Face detection is among the most commonly used computer vision technologies. Authentication and acceptance based on dimensions can be used in many situations. The first stage of face recognition usually consists of detecting and locating faces in photographs or videos. The device output will benefit remarkably from an effective detection algorithm, and vice versa. Therefore, face detection is one of the key steps in the application of face recognition systems. Collecting photographs and videos is becoming increasingly easy, due to the proliferation of mobile devices and smart cameras. The computational power of such devices, however, is relatively small. The best solution to this problem will rely on finding algorithms that are quicker and more efficient.
A big concern observed in face detection is that the different face scales of detection accuracy varies significantly for the very same detector for one image. Currently, to solve this problem many face-detection methods have tried to address various scales by using multiple network architectures. Another way is to use the different levels of functions taken from the last few layers of the network.

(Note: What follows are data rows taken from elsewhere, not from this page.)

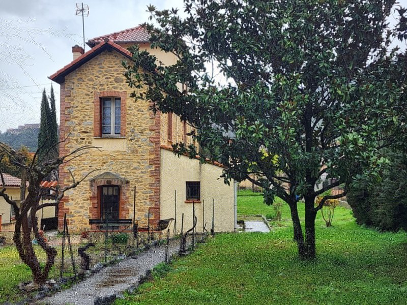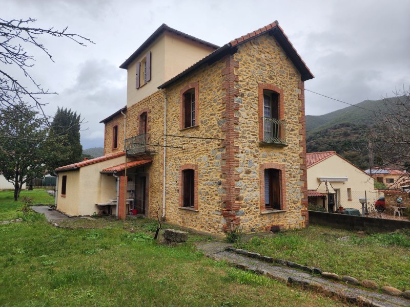 Située sur la commune d'Arles sur Tech à proximité des cures thermales d'Amélie les Bains, nous vous proposons de découvrir une charmante maison des année 50 édifiée sur une parcelle de 950m2 proposant de nombreuses possibilités à ses futurs propriétaires. La maison est répartie sur 3 niveaux. En rez-de-chaussée vous entrez sur un beau séjour de 30m2, un couloir dessert une cuisine séparée, des toilettes indépendants et une spacieuse chambre. Un magnifique escalier en bois vous conduira sur un pallier amenant à 2 autres très grandes chambres et une salle de bains avec wc. Enfin, le troisième étage dispose d'une chambre, idéal pour un adolescent. Vous disposerez également au sous-sol d'une cave permettant d'optimiser le rangement. L'extérieur offre un beau terrain paysagé de 950m2 avec une vue imprenable sur les montagnes environnantes. Enfin, un garage est présent dans la grande l'allée amenant à cette charmante maison située en retrait de la route et au calme. Beaucoup de potentiel pour cette maison alliant poutres apparentes, pierres et plancher d'origine. Taxe foncière: 1336EUR. Pour plus de renseignements, contacter Manuela ASSUMPCAO au 06 12 54 96 57 ou m.transaction@cabinet-clemenceau.fr
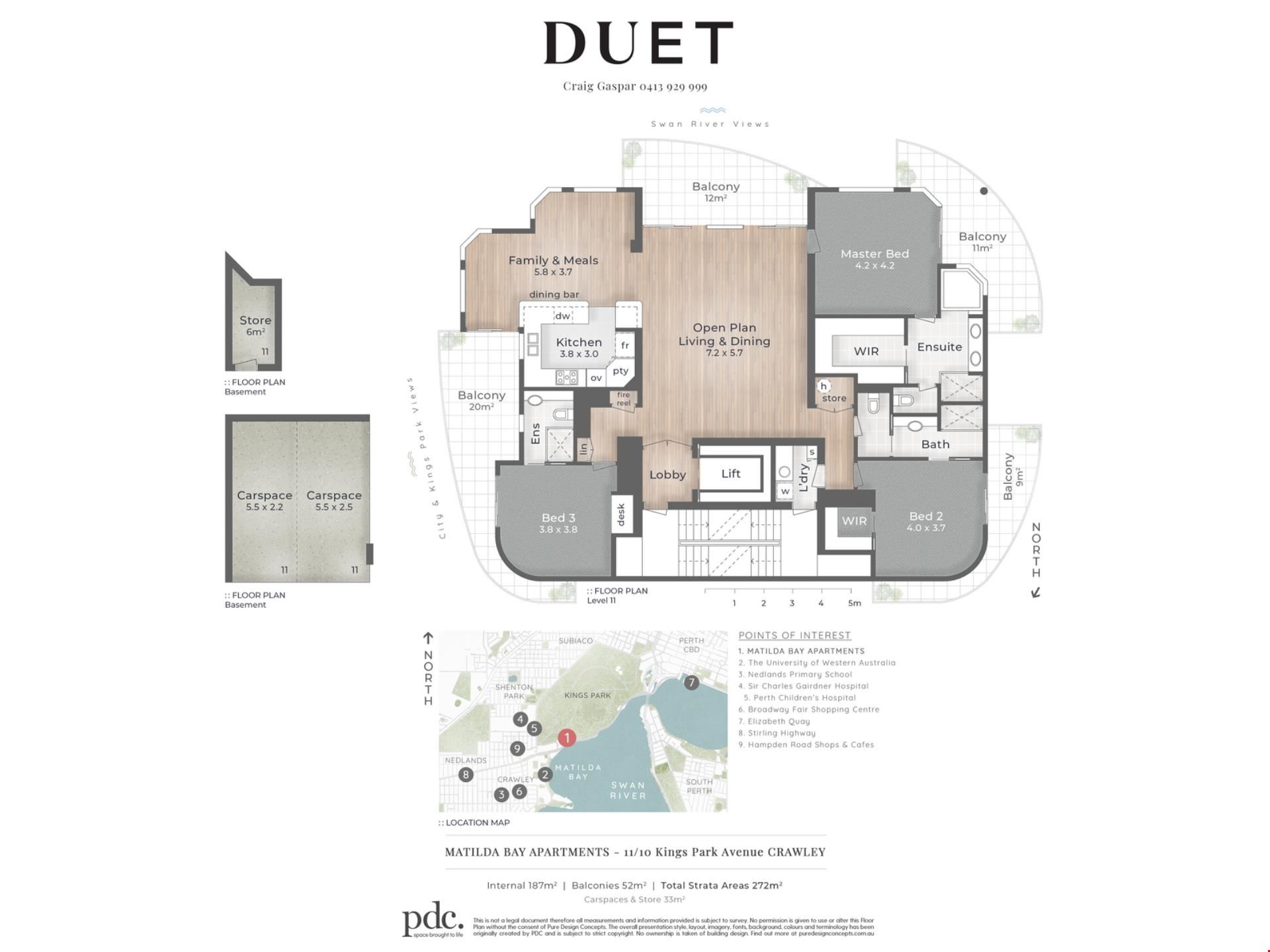 Build Area: 272m2 total (187m2 apartment, 52m2 balconies, 27m2 carbays & 6m2 store)
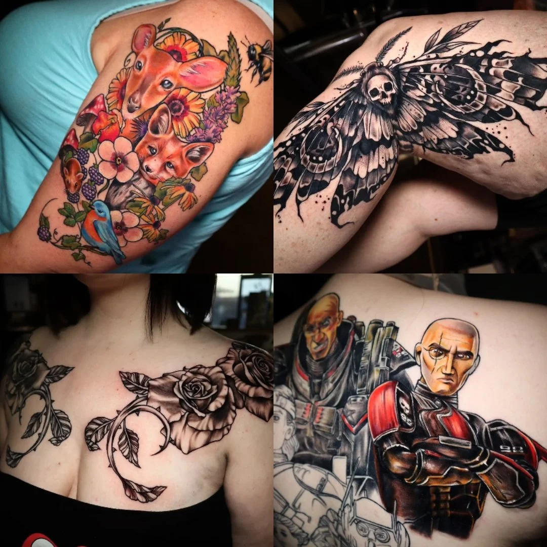 - Subject matter (portraits, blackwork, bugs, florals, etc.)
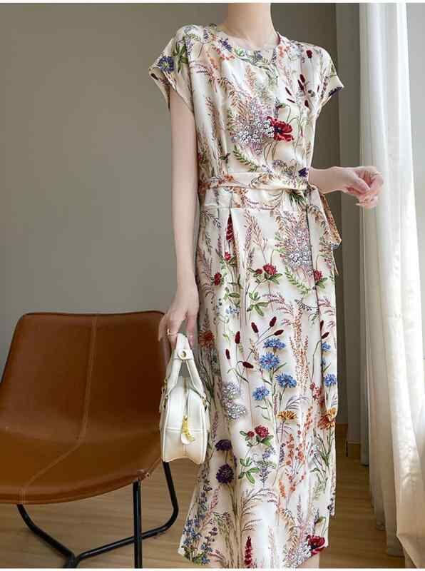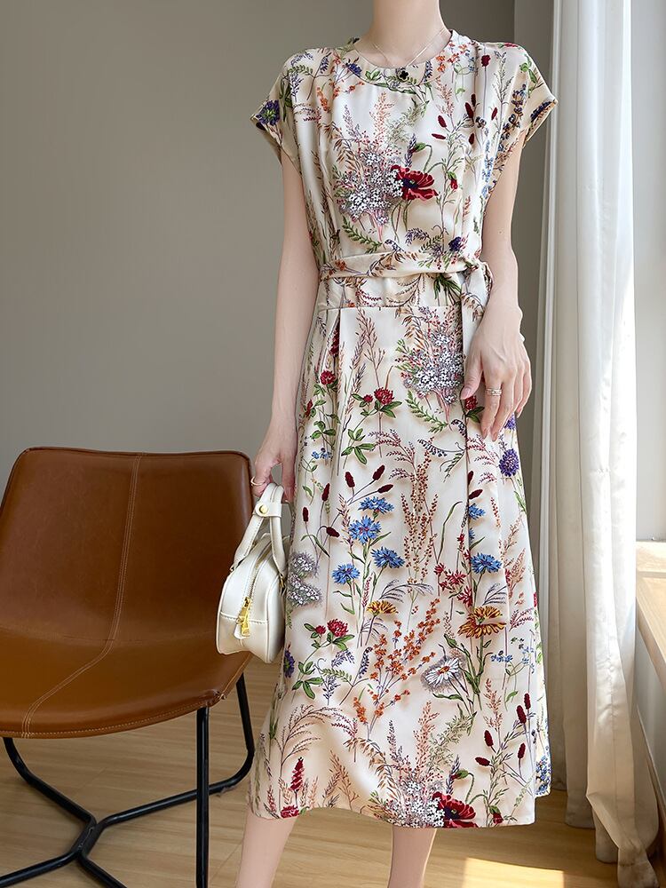 ワンピース 中華風 スタンドカラー ミディ丈 半袖 花柄 サテン調 ドレープ感 アセテート素材 エレガント 細見え Aライン ハイウエスト プルオーバー フリル袖 レトロクラシック 着回し カジュアル
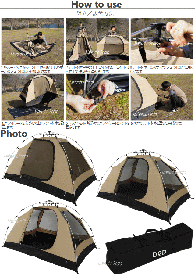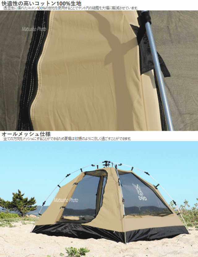 DOD テント ワンタッチテント カンガルーテント ポリエステル 2人 コンパクト ワンタッチ構造 アウトドア キャンプ ワンタッチカンガルーテントS T2-616-TN タン
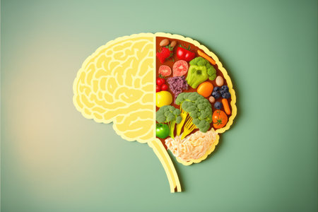Health in your brain. Fresh vegetables in human brain symbolizing health nutrition on colorful background. Generative AI
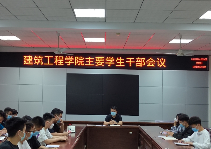 为确保线下各项工作的顺利开展,提升学生干部的素质和能力,4月24日,建筑工程学院于学院会议室召开学生干部大会,全体班长团支书参与了此次会议。

The key explanation for this is that the algorithm can detect objects of multiple sizes. YOLOv3 has obtained the cutting edge performance on the COCO dataset. However, the output was not as good as expected when applied to face detection. On the one hand, the dimensions of anchor boxes in YOLOv3 appropriate for the COCO dataset are not usually appropriate for facial detection, on the other hand, facial detection only requires to detect and locate faces and do not need to identify 8 kinds of object types as in the COCO dataset. YOLOv3-based approach to face detection focuses primarily on the selection strategy of a series of more appropriate anchor boxes and using a novel loss function o solve this problem.. The proposed face detector YOLO-face based on YOLOv3 has a much better performance compared to YOLOv3 by training on the Broader FACE testing dataset.
1. Deeper darknet that outperforms darknet-53, particularly when detecting small faces is the backbone of the new architecture.
2. Loss of MSE and loss of GIoU mixed and proposed a new regression loss.
3. Anchor boxes are learned by clustering k-means which are more appropriate for face detection.
Fig.1 - Architecture of YOLO-face. The feature extraction network has 71 convolution layers, and it reduces the size of feature maps by the progressive stride 2 layers. The detection network has a structure similar to FPN for extracting features from different map scales.
Anchor Boxes
Each face labels are split into groups k using the IoU as anchor box width. Then take the mean values of the sizes of the k class anchor box as the centers of the current clusters. Repeat before convergence occurs. Set the initial cluster centers, k to 9, in our experiments. To suit face detection, the horizontal anchor boxes were vertically transposed.
Loss Function
During the training of the model, YOLO optimizes a multi-part loss function consisting of four parts, namely loss of regression, loss of trust, loss of classification, and loss of no item. Face detection however is a binary classification problem. To make the total loss function more appropriate for face detection we are revising the weights empirically to 2:1:0.5:0.5.
YOLOv3 vs YOLOv2 vs YOLO face
Fig2. Few examples of the effects of face detection. Left: YOLOv2 results, Middle: YOLOv3 observed effects. Right: YOLO-face results.
Conclusion:
Comparing with other detection models YOLO face performs better having high accuracy from long distance.
Reference: Chen, W., Huang, H., Peng, S, eta al. YOLO-face: a real-time face detector. Vis Comput(2020)
Thanks for sharing. Could you share source code or the weights of the model?